It is a type of object-oriented scripting language and is widely used in Europe and the United States along with Perl. Named after the comedy show "Flying Monty Python" produced by the British television station BBC.
Python means the reptile python in English and is sometimes used as a mascot or icon in the Python language. Python is a general-purpose high-level language. Designed with programmer productivity and code reliability in mind, it has a large, convenient standard library with core syntax and semantics kept to a minimum.
It supports character string operations using Unicode, and Japanese processing is also possible as standard. It supports many platforms (platforms that work), and has abundant documents and abundant libraries, so its use is increasing in the industrial world.
             ''',
             'Python')
    nb.train('''Snake (snake) is a general term for reptiles classified in the order Squamata (Serpentes).
It is characterized by its slender body and no limbs. However, animals of similar shape also exist in other groups.
                ''', 'Snake')
    nb.train('''Ruby is an object-oriented scripting language developed by Yukihiro Matsumoto (commonly known as Matz).
It realizes object-oriented programming in the area where scripting languages such as Perl have been used in the past.
Ruby was originally born on February 24, 1993, and was announced on fj in December 1995.
The name Ruby is because the programming language Perl pronounces the same as Pearl, the birthstone for June.
It was named after the ruby of Matsumoto's colleague's birthstone (July).
             ''',
             'Ruby')
    nb.train('''Ruby (English:Ruby (Jonathan) is a variant of corundum (steel ball). It is a gem with a characteristic red color.
Natural rubies are produced in Asia and cannot be obtained in Europe and the United States.
Even in the production area, the places where beautiful stones that can be used as gems can be obtained are extremely limited.
Large stones over 3 carats produce less.
             ''', 'Gem')
    doc = 'Open source made by Guido van Rossum'
    print('%s =>Estimated category: %s' % (doc, nb.classify(doc)))  #Estimated category:Should be python
    print('Probability of being in the Python category: %s' % nb.score_without_log(['Guido van Rossum', 'But', 'Had made'], 'Python'))
    print('Probability of being in the Ruby category: %s' % nb.score_without_log(['Guido van Rossum', 'But', 'Had made'], 'Ruby'))

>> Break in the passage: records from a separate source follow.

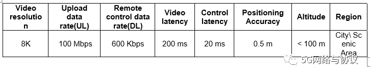 无人机与全景虚拟现实VR直播相结合,将使现场视频体验像观众在现场一样。该系统基于无人机上搭载的360度球面摄像机系统。可以捕捉和编码4K视频,然后通过3GPP系统实时上传到云端。随着8K等高分辨率视频的发展,5G系统的相关性能指标也需要更新。根据中国IMT2020(5G)推广小组发布的无人机支持VR直播应用的性能要求如下表所示:
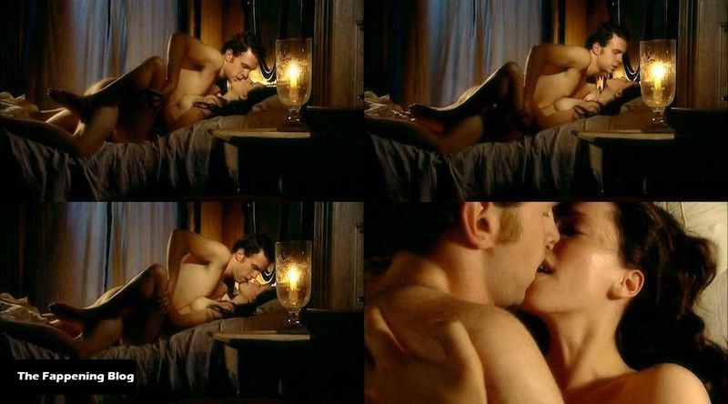 Rebecca Hall is rolling over on a bed and lesbian kissing Bella Heathcoate. We see her standing by the bed, undressing and showing a see-through bra with her nipples visible underneath. We then see her in a nightie leading Bella and a guy downstairs, Bella wearing a nurse’s outfit. The girls kiss some more as Bella ties Rebecca and the guy up with some rope.
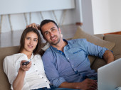 Zdjęcie "Młoda para oglądania telewizji na kanapie w salonie" może być wykorzystywane do celów osobistych i komercyjnych zgodnie z warunkami zakupionej licencji Royalty-free. Obraz jest dostępny do pobrania w jakości wysokiej rozdzielczości do 5760x3840.
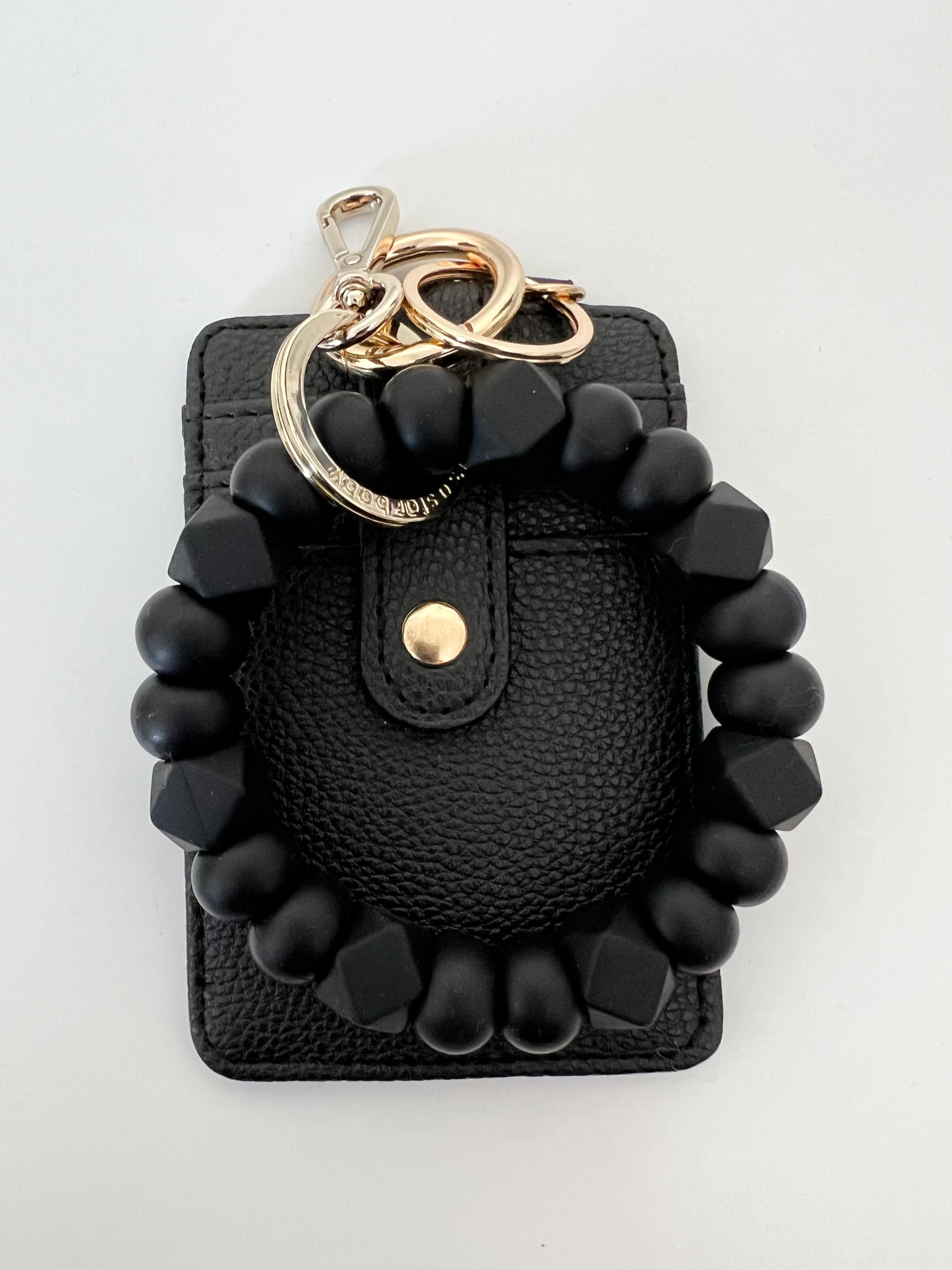 Thank you for your interest in a bracelet keychain. Never lose your keys again with this super functional piece. The main materials used in this item are food grade silicone beads- the perfect material to wipe down and sanitize.

    doc = 'The programming language Ruby is a pure object-oriented language.'
    print('%s =>Estimated category: %s' % (doc, nb.classify(doc)))  #Estimated category:Should be Ruby
    print('Probability of being in the Ruby category: %s' % nb.score_without_log(['Programming language', 'of', 'Ruby', 'Is', 'pure', 'Nana', 'Object-oriented language', 'is', '。'], 'Ruby'))
    print('Probability of being in the Python category: %s' % nb.score_without_log(['Programming language', 'of', 'Ruby', 'Is', 'pure', 'Nana', 'Object-oriented language', 'is', '。'], 'Python'))

    doc = 'corundum'
    print('%s =>Estimated category: %s' % (doc, nb.classify(doc)))  #Estimated category:Should be a Gem
    print('Probability of being in the Gem category: %s' % nb.score_without_log(['corundum'], 'Gem'))
    print('Probability of being in the Ruby category: %s' % nb.score_without_log(['corundum'], 'Ruby'))

Your own commentary

We'll explain what this code does, splitting it into train and classify.

What you are doing in training

NaiveBayes' train (self, doc, category) method inputs the string doc and the category to which the string belongs, and puts the document with that word into that category when it comes up in the NaiveBayes object. Let's learn "should".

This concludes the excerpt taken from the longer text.